You can use Brick Acid no problem but,specialist wheel acid has extra ingredients eg.corrosion inhibiters amongst other things. 

Brick Acid is a favourite for car washes as its cheap yet cleans brake dust away really well. One big problem is it attacks all the unpainted metal parts eg.Brake Calipers,wheels studs etc.etc.


----------



## Perfezione (Nov 23, 2006)

Brick acid is evil stuff!!!!!!!!!!!!!!! and made for stripping masonary. 

Stuff like wonderwheels may contain the same type of acid but it will be nowhere near as concentrated. 

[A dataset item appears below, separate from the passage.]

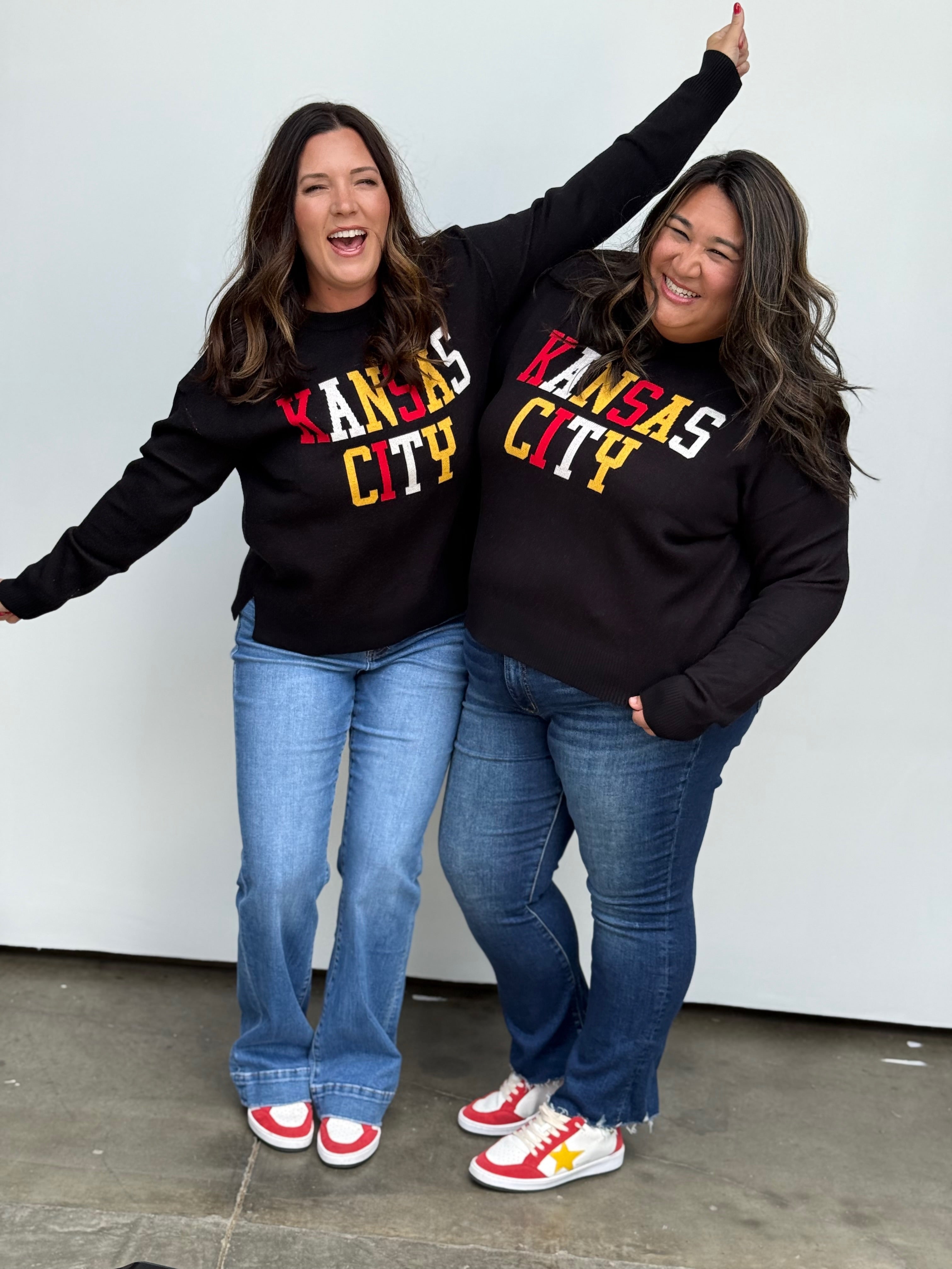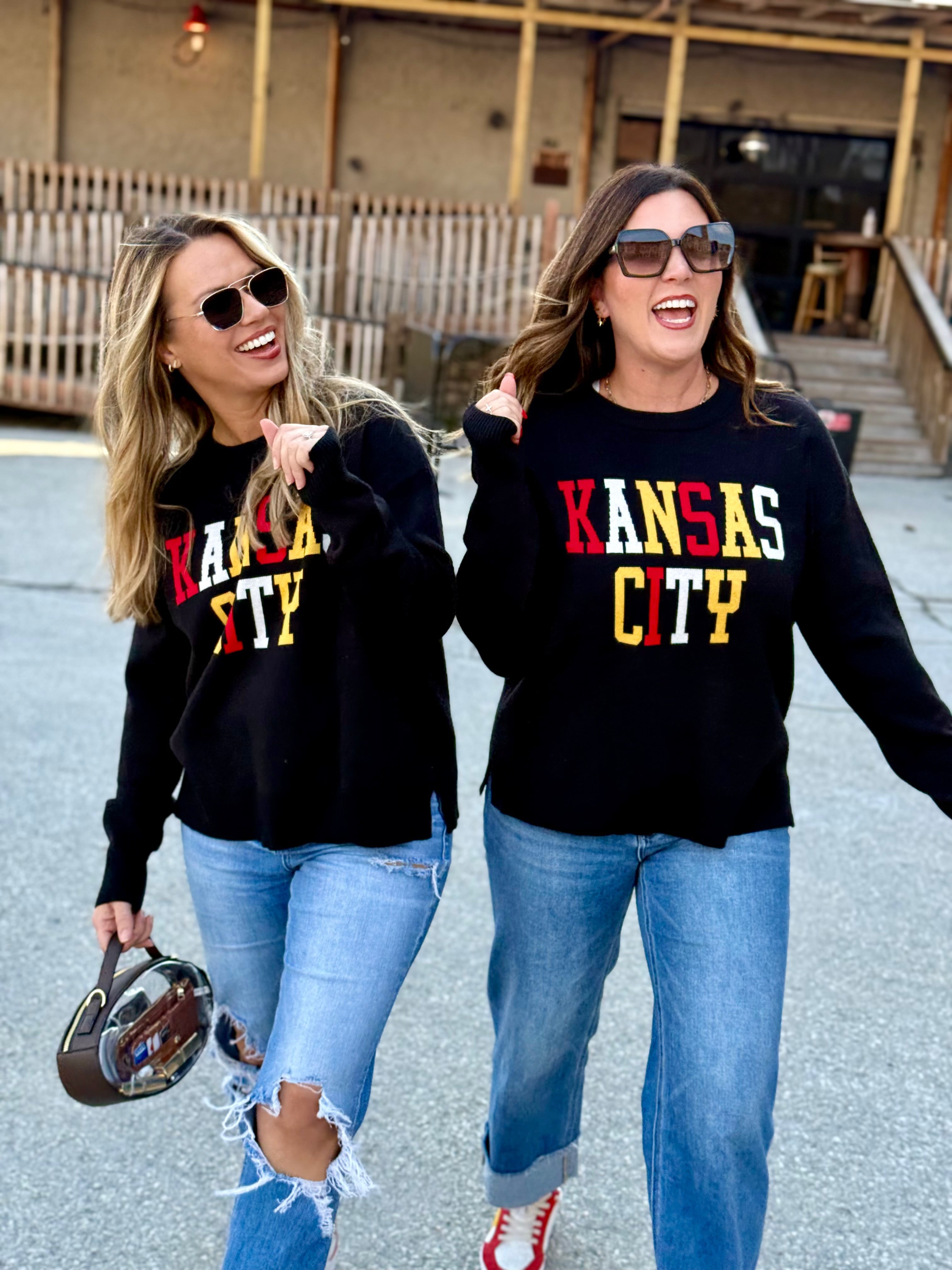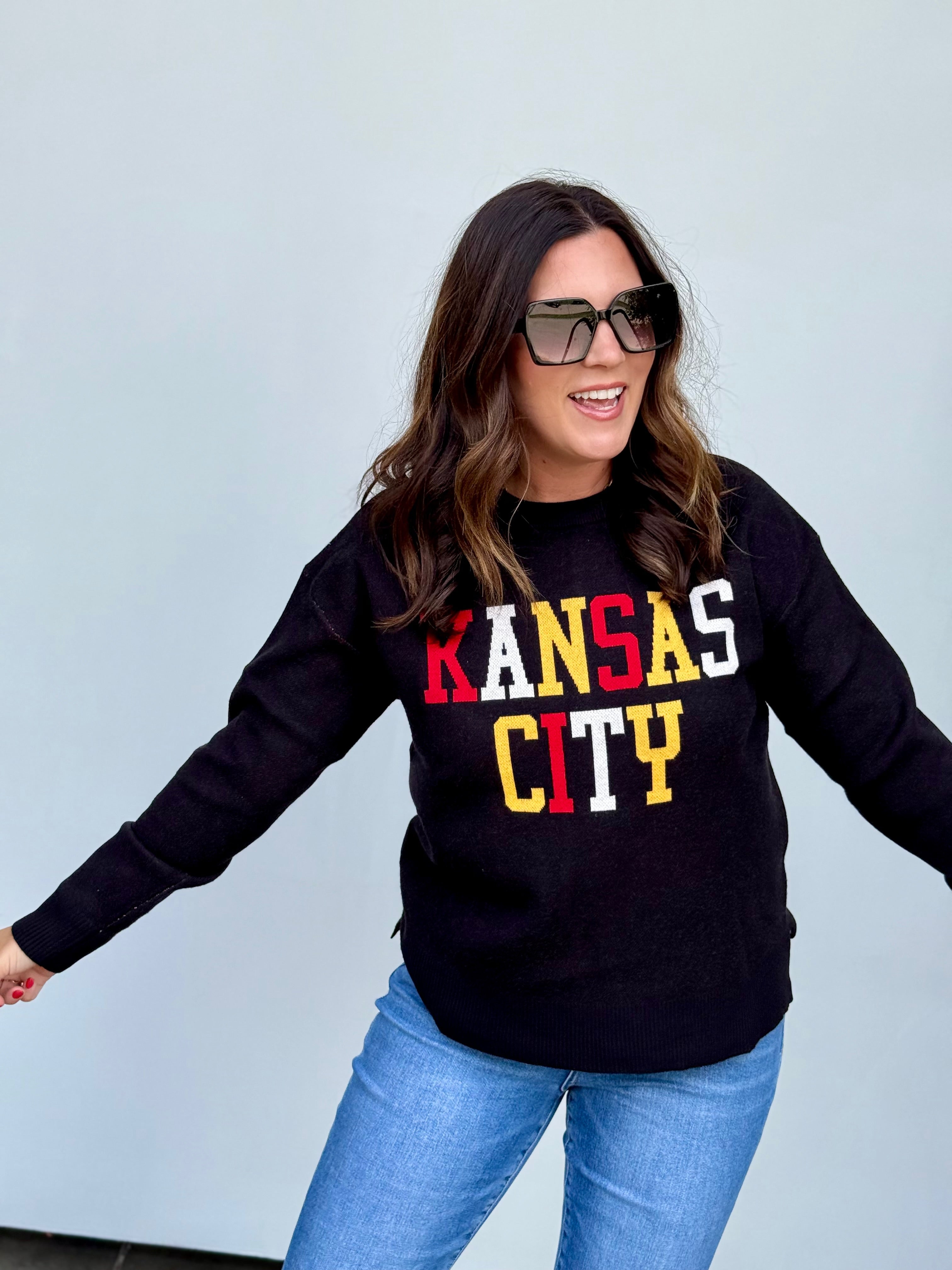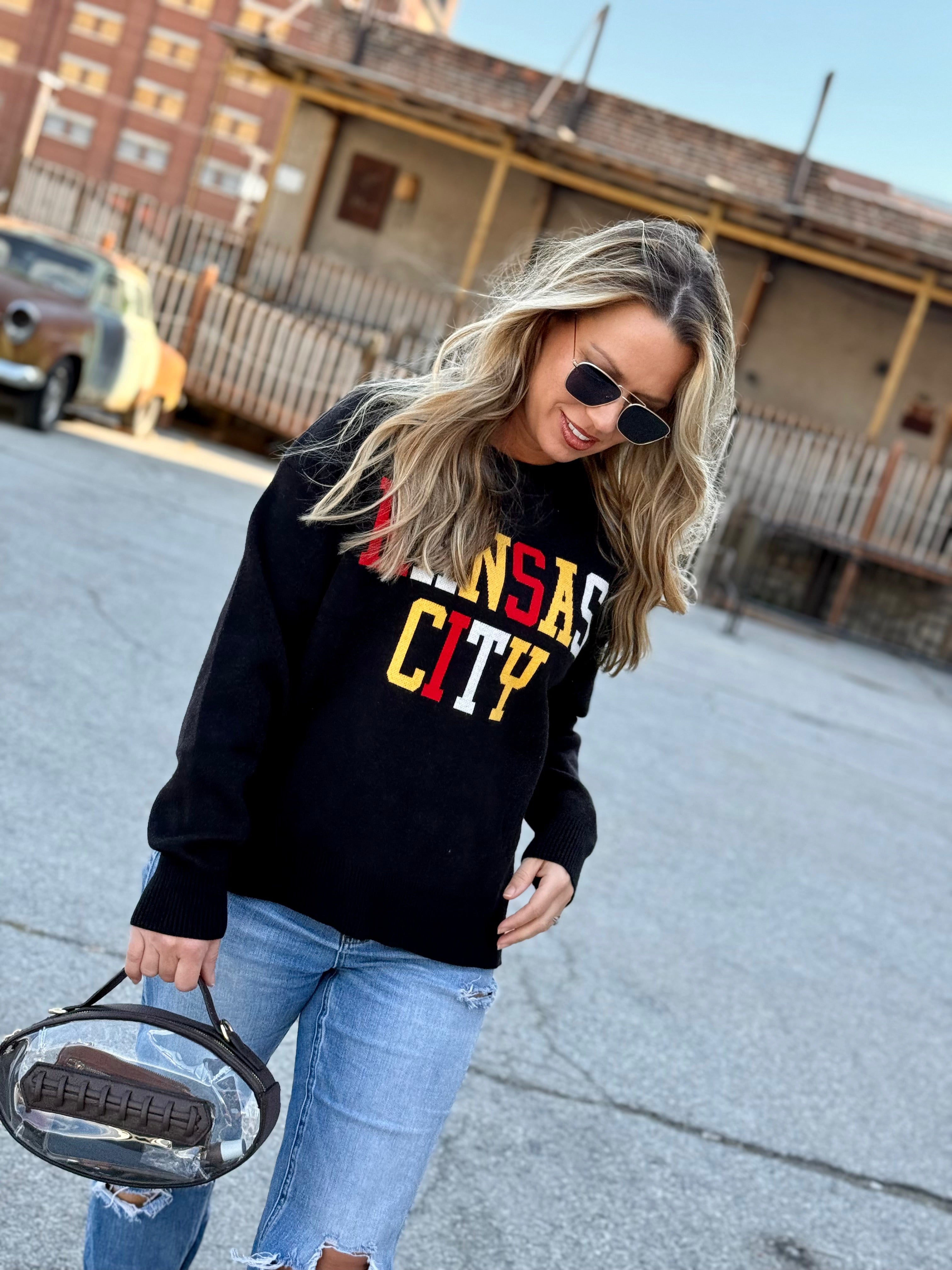 Get ready to score some style points with our End Zone Black Sweater! Made from soft material, this sweater will keep you cozy and comfortable while showing off your love for Kansas City. Perfect for game days or just everyday wear. Touchdown!

Bear in mind i used brick acid to unblock a copper pipe that got clogged with concrete it just eroded it away. If it does that to concrete what does it do to clear coat?

my advise DO NOT USE IT. and if you do make sure you wear thick gloves!

All this is based on the fact you are talking about the stuff you buy from a hardware store that is ment for stripping bricks


----------



## ryangt (Jul 17, 2007)

i use it all the time at working when we finish a job to clean down the bricks, yes i have used a few wheels cleaners that smell like brickacid . megs hot rims smells like it


----------



## The Doctor (Sep 11, 2007)

alex163 said:


> Brick acid is evil stuff!!!!!!!!!!!!!!! and made for stripping masonary.
> 
> Stuff like wonderwheels may contain the same type of acid but it will be nowhere near as concentrated.
> 
> ...


Bear in mind that because it erodes concrete does not mean it will damage paint. I have never ever seen paintwork damage through car washes using our brick/concrete acid (treble X). Most laquers and clearcoats are basically a form of plastic (acrylic). The tubs that the acid comes in are plastic yet ive never seen a melted tub of acid on the shelf lol.


----------



## CzechRich (Jul 25, 2008)

I've used diluted brick acid to clean the back of some really mucky alloys, it works well, but wear gloves, eye protection and wash off fairly quickly after scrubbing a little. Also you must wax or use wheel sealant afterwards, as it takes all the protection off, but most mucky wheels dont have any on anyway....


----------